[Data records Boundary: Start]

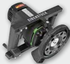
EBS 1802 SH 1800 Вт, 10000 об/хв. Ø 125 мм
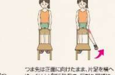
つま先は正面に向けたまま、片足を横へ ゆっくり上げて5秒保つ、反対も同様
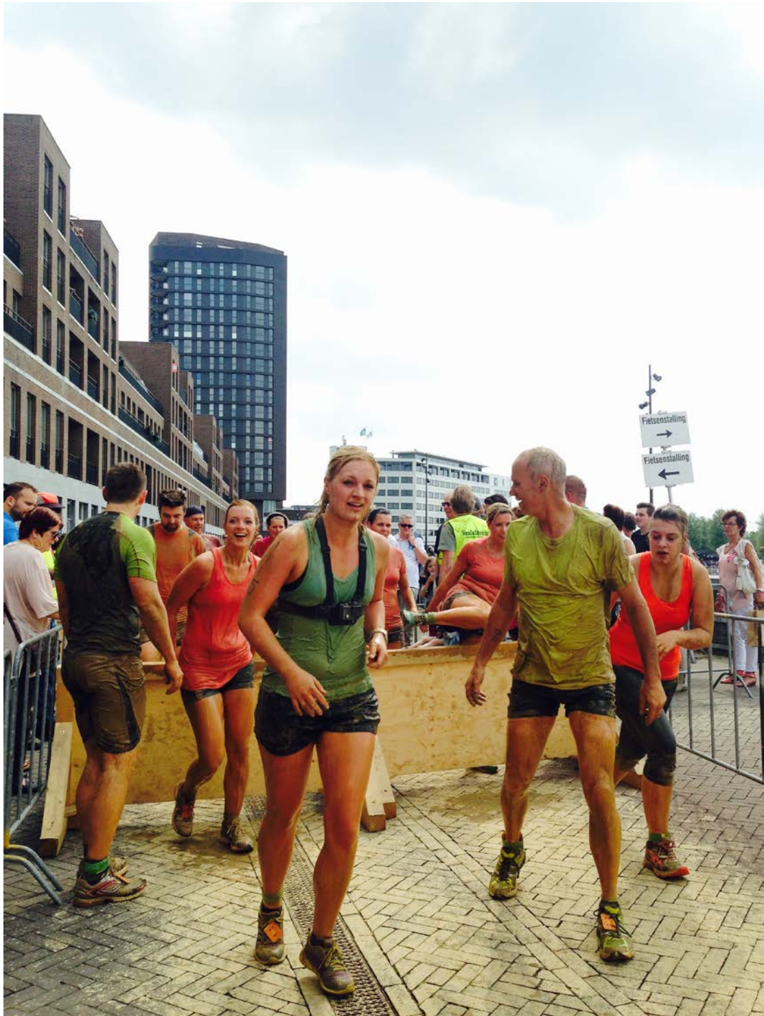
圖為 Venlo storm 在市中心的實拍，剛從泥灘關過來。
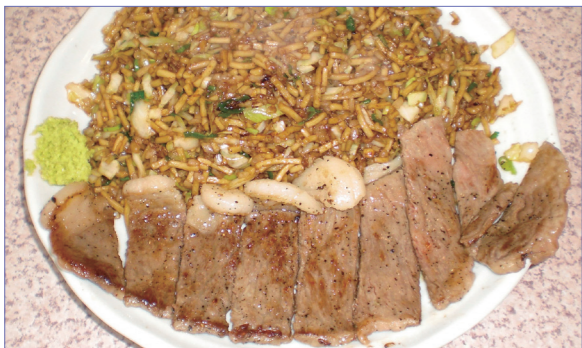
神戸名物そばめしと、牛肉ステーキを一度に楽しめる当店人気No.1メニュー ステーキそばめし1300円
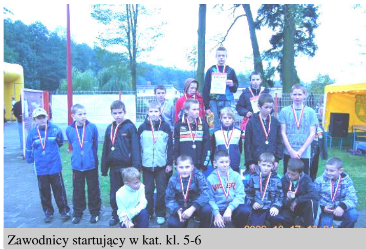
Zawodnicy startujący w kat. kl. 5-6
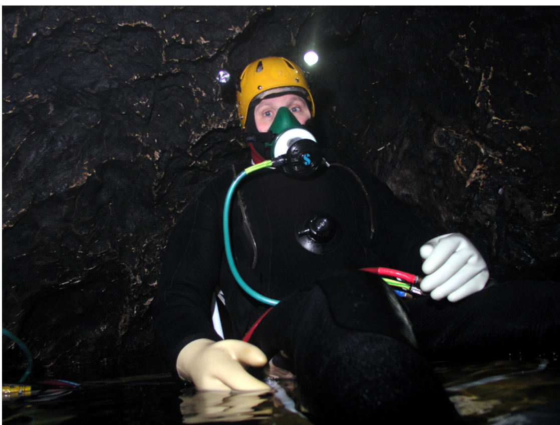
Décompression dans la cloche de -12m

En réalité j'ai respiré de l'oxygène avec 5 minutes de pause à l'air toutes les 25 minutes.
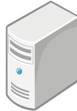
デバイスマネジメントサーバ
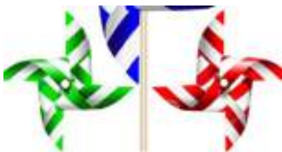
ATELIER MOULINS A VENT TRICOLORES
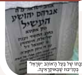
מצבתו של בעל האוהב ישראל' בסוף ימיו שבאוקראינה.

בסוף ימיו עבר למז'יבז, ושם, ביום ה' בניסן תקפ"ה עלתה נשמתו בסערה השמימה, ונטמן סמוך לציון ה'בעל שם טוב'. על מצבת קדשו נחרת: "פ"נ הרב אדמו"ר אוהב ישראל מ' שמואל ז"ל. נפ' ה' ניסן תקפ"ה. לעת זקנותו תקע אהלו של שלשלת היוחסין מ' שמואל ז"ל. נפ' ה' ניסן תקפ"ה. לעת זקנותו תקע אהלו של תורה פ"ק מעזבדו ולו דומי' תהלה ובמקום גדלתו שם ענותנותו, אשר יצוה את בניו שלא לכתב על מצבתו שבחות. תנצב"ה".
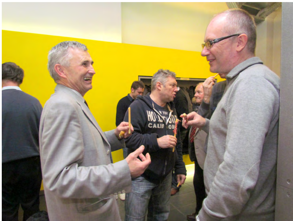
Slika 7: Pogovor dveh članov o programu društvenih aktivnosti pove vse – da je pač odličen!
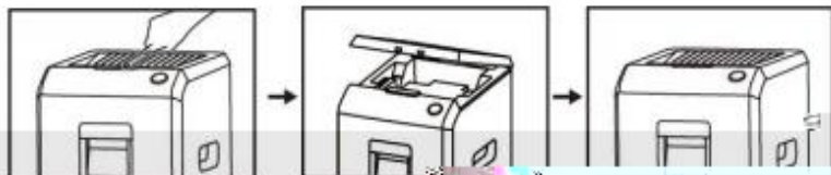
按下红色紧急按钮，关闭
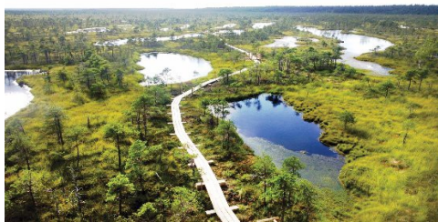
Národní park Kemeris
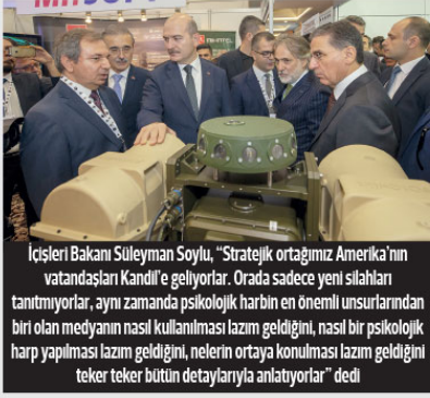
İçişleri Bakanı Süleyman Soylu, "Stratejik ortağımız Amerika'nın vatandaşları Kandil'e gelyorlar. Orada sadece yeni silahları taniyorlar, aynı zamanda psikolojik harbin en önemli unsurlarından biri olan medyanın nasıl kullanılması lazım geldiğini, nasıl bir psikolojik harp yapılması lazım geldiğini, nelerin ortaya konulması lazım geldiğini teker teker bütün detaylarıyla anlatıyorlar" dedi

"Güvenlik tanımları, güvenlik sorunları ve ihtiyaçları neredeyse yeniden yazıldı, yazılmaya devam ediyor. Ülkeler arası savaş, yerli vekâletler savaşına bürküldü. Bazı devletler istihbarat servisleri eliyle hem de kaçtan terör örgütlerini besliyor, silah ve para gönderiyor, hattâ eğitimler gönderiyor. Zannedilmeyen ki sadece yeni teknoloji silahları kullanmak için eğitimler gönderiyor. Stratejik ortakımız Amerika'nın vatandaşları Kandil'e gelyorlar. Orada sadece yeni silahları taniyorlar, aynı zamanda psikolojik harbin en önemli unsur-
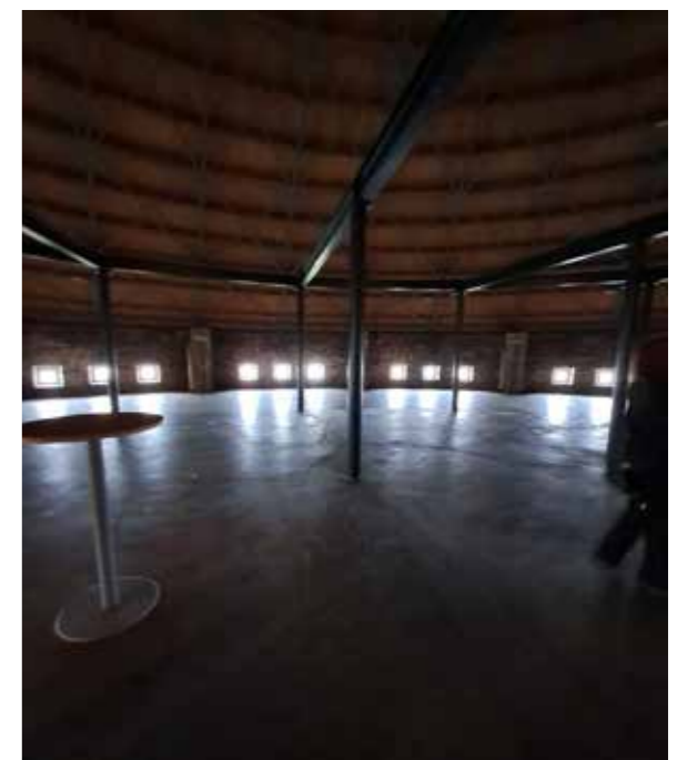
Ylimmän kerroksen pyöreässä tilassa oli hyvä akustiikka. Lattian alla on jopa 150 kuutiota kaukolämpövettä.
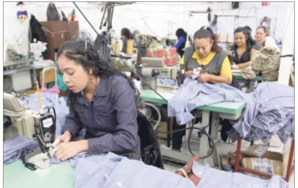
Empresarios se manifestaron en contra de reducir a 40 horas semanales la jornada laboral en México por los impactos económicos que conllevaría.

Roel hizo un llamado a fomentar el diálogo antes de
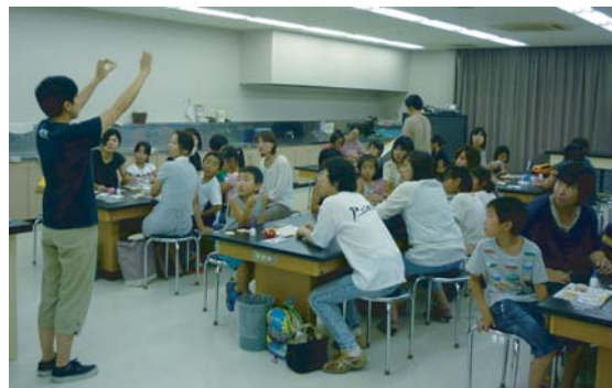
説明を真剣に聞いています。
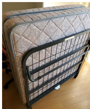
ベッドマット 閉じた状態
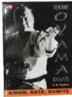
Buku Teknik Oyama Karate (Kihon-Kata-Kumite) Rp.150.000,-
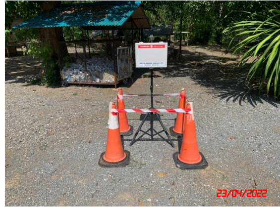
บ้านลู่ตะแบก
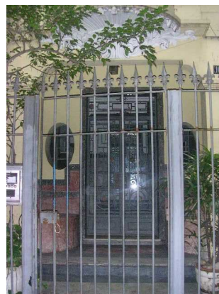
O acesso é feito por um portão em ferro com desenho geométrico
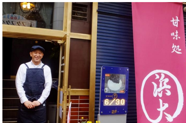
和風甘味・食事処「浜大(はまだい)」は6月30日にオープン (公式ツイッター: https://twitter.com/hamadai1942 )
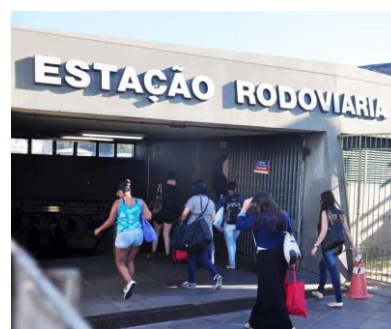
Figura 4: Vista do TRENSURB e da Estação rodoviária.

Obs: o tempo de viagem, do momento em que você embarcou no trem, é de 5min a 8 min. Pegar o trem no SENTIDO MERCADO e SALTAR na ESTAÇÃO RODOVIÁRIA. Caso você tenha muita bagagem, essa pode não ser uma boa opção. Evite os horários de pico, pois o TRENSURB provavelmente estará lotado.
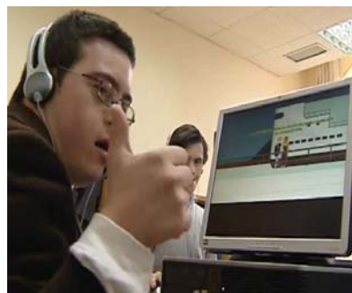
Un videojuego adaptado para 'síndromes'

La elaboración del videojuego ha sido llevada a cabo por completo por el equipo de psicólogos educativos de la Fundación Síndrome de Down de Madrid, encargados de fijar los objetivos y diseñar los escenarios y los puzzles.
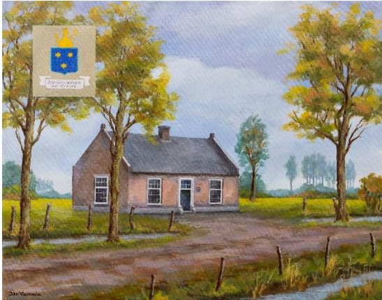
raadhuis Nederwetten-Eckart (schilderij Jan Vlemmix)
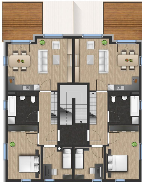
OG 2 x 3 Zimmer Whg ca. 60m 2
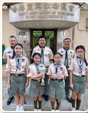
亞軍—九龍第 80 旅
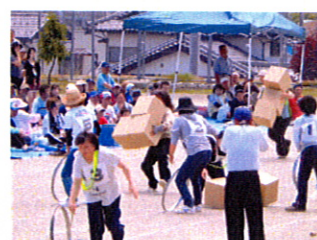
風の強い中、この競技もたいへんでした
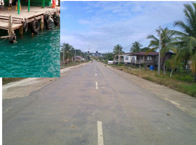
Jalan Berturap di Pulau Sebatik, Tawau
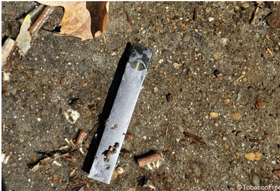
E-Zigaretten der vierten Generation, wie zum Beispiel Juuls, werden häufig nicht ordnungsgemäss
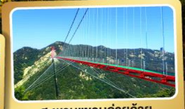
สะพานแขวนอ้ายจ้าย
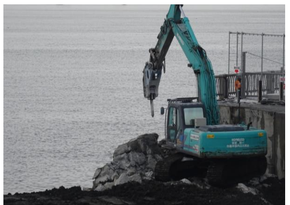
コンクリート構造物を破碎する油圧ブレーカ
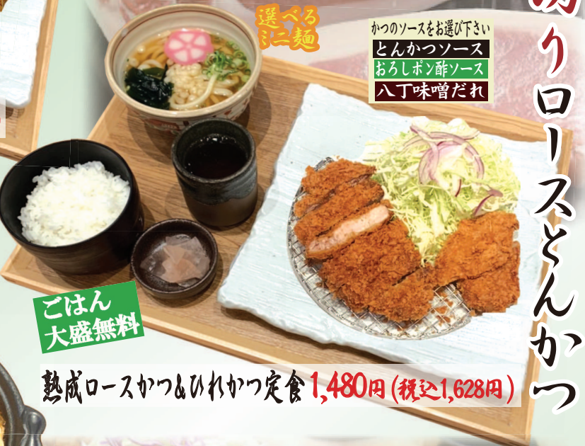
熟成ロースかつ&ひれかつ定食 1,480円(税込1,628円)

少々お時間いただきます。 食べごたえのある熟成とんかつを ご注文いただいてから丁寧に揚げています。 他のメニューに比べてお時間をいただきます。
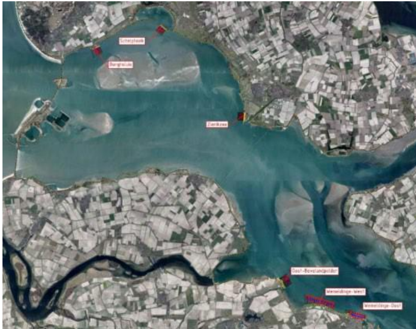
Overzicht locaties werkzaamheden
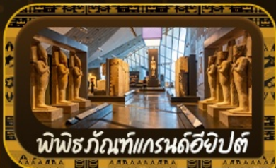
พีพีธกรันท์แกรนด์อียิปต์
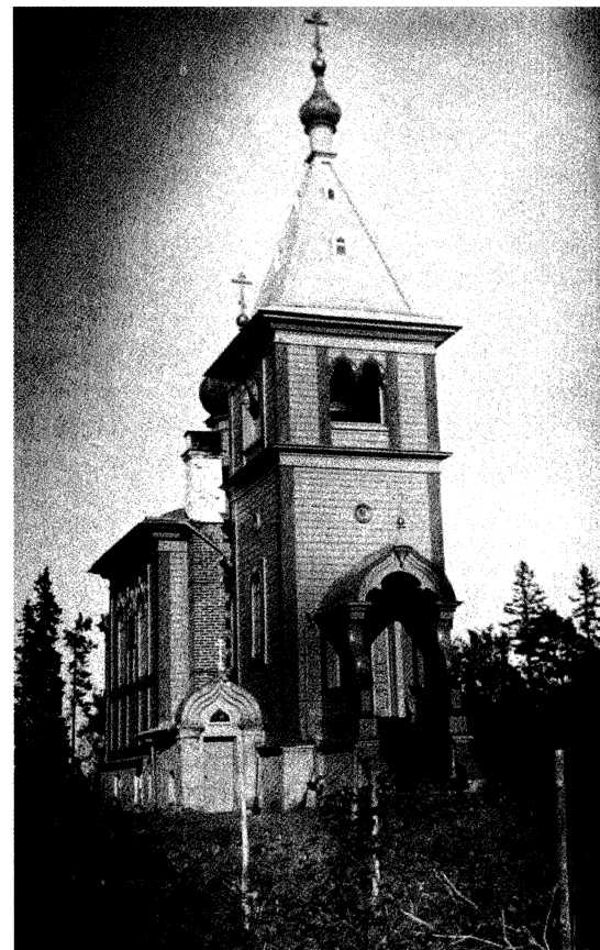
Храм Иоанна Предтечи

А непривычному к уединению, мирскому человеку, жутко на суровом, диком острове. Мрачно под мохнатыми лапами старых елей, пугают и воющий ветер, и тяжкие удары свирепых волн. Заброшенным, забытым, одиноким до отчаяния, казалось бы, должен чувствовать себя человек, особенно в темноте бесконечных осенних ночей или под стоны зимней вьюги. А вот живут и любят свой остров угрюмый, не могут расстаться с ним, тоскуют без него. И не один какой-нибудь неудачливый художник, а много их, и какие: Иоанн, Илия, Никита, Исая, Василиск, Авель, Мелетий, Аполлоний, Пионий и опять Иоанн, замыкающий шествие. Один за другим, как при горном восхождении, на протяжении столетия связаны
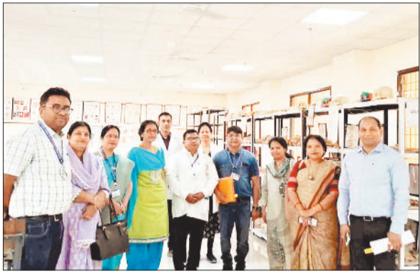
निरीक्षण टीम व अस्पताल के अधिकारी।

कुमाती देवेन्द्र कुमारी सिंहदेव शासकीय चिकित्सा महाविद्यालय में एमबीबीएस के साथ ही पीजी की पढ़ाई हेतु मान्यता मिली थी। मेडिकल कॉलेज को पूर्व में कुल 15 विषयों माइक्रो बायोलॉजी, फार्मेकोलॉजी, नेत्र रोग, कम्युनिटी मेडिसिन, शिशु रोग विशेषज्ञ, बायो केमेस्ट्री, एनाटॉमी, फिजियोलॉजी, पैथोलॉजी, जनरल मेडिसिन, जनरल सर्जरी, अस्थि रोग, इंफेन्टी, प्रसूति एवं स्त्री रोग, निश्चिन्ता विषयों पर एमडी एमएस के लिए कुल 46
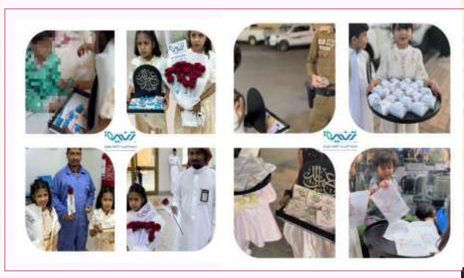
فعاليات برنامج ( من العائدين ) بمناسبة عيد الفطر المبارك لعام ٢٠٢٤ م.

[Data records Boundary: End]

Task details » For the entries above, print exactly the lines between the one with "บ้านลู่ตะแบก" and the one with "निरीक्षण टीम व अस्पताल के अधिकारी।", inclusive, with no pictures.

Solution to this task »
บ้านลู่ตะแบก
O acesso é feito por um portão em ferro com desenho geométrico
和風甘味・食事処「浜大(はまだい)」は6月30日にオープン (公式ツイッター: https://twitter.com/hamadai1942 )
Figura 4: Vista do TRENSURB e da Estação rodoviária.

Obs: o tempo de viagem, do momento em que você embarcou no trem, é de 5min a 8 min. Pegar o trem no SENTIDO MERCADO e SALTAR na ESTAÇÃO RODOVIÁRIA. Caso você tenha muita bagagem, essa pode não ser uma boa opção. Evite os horários de pico, pois o TRENSURB provavelmente estará lotado.
Un videojuego adaptado para 'síndromes'

La elaboración del videojuego ha sido llevada a cabo por completo por el equipo de psicólogos educativos de la Fundación Síndrome de Down de Madrid, encargados de fijar los objetivos y diseñar los escenarios y los puzzles.
raadhuis Nederwetten-Eckart (schilderij Jan Vlemmix)
OG 2 x 3 Zimmer Whg ca. 60m 2
亞軍—九龍第 80 旅
風の強い中、この競技もたいへんでした
Jalan Berturap di Pulau Sebatik, Tawau
E-Zigaretten der vierten Generation, wie zum Beispiel Juuls, werden häufig nicht ordnungsgemäss
สะพานแขวนอ้ายจ้าย
コンクリート構造物を破碎する油圧ブレーカ
熟成ロースかつ&ひれかつ定食 1,480円(税込1,628円)

少々お時間いただきます。 食べごたえのある熟成とんかつを ご注文いただいてから丁寧に揚げています。 他のメニューに比べてお時間をいただきます。
Overzicht locaties werkzaamheden
พีพีธกรันท์แกรนด์อียิปต์
Храм Иоанна Предтечи

А непривычному к уединению, мирскому человеку, жутко на суровом, диком острове. Мрачно под мохнатыми лапами старых елей, пугают и воющий ветер, и тяжкие удары свирепых волн. Заброшенным, забытым, одиноким до отчаяния, казалось бы, должен чувствовать себя человек, особенно в темноте бесконечных осенних ночей или под стоны зимней вьюги. А вот живут и любят свой остров угрюмый, не могут расстаться с ним, тоскуют без него. И не один какой-нибудь неудачливый художник, а много их, и какие: Иоанн, Илия, Никита, Исая, Василиск, Авель, Мелетий, Аполлоний, Пионий и опять Иоанн, замыкающий шествие. Один за другим, как при горном восхождении, на протяжении столетия связаны
निरीक्षण टीम व अस्पताल के अधिकारी।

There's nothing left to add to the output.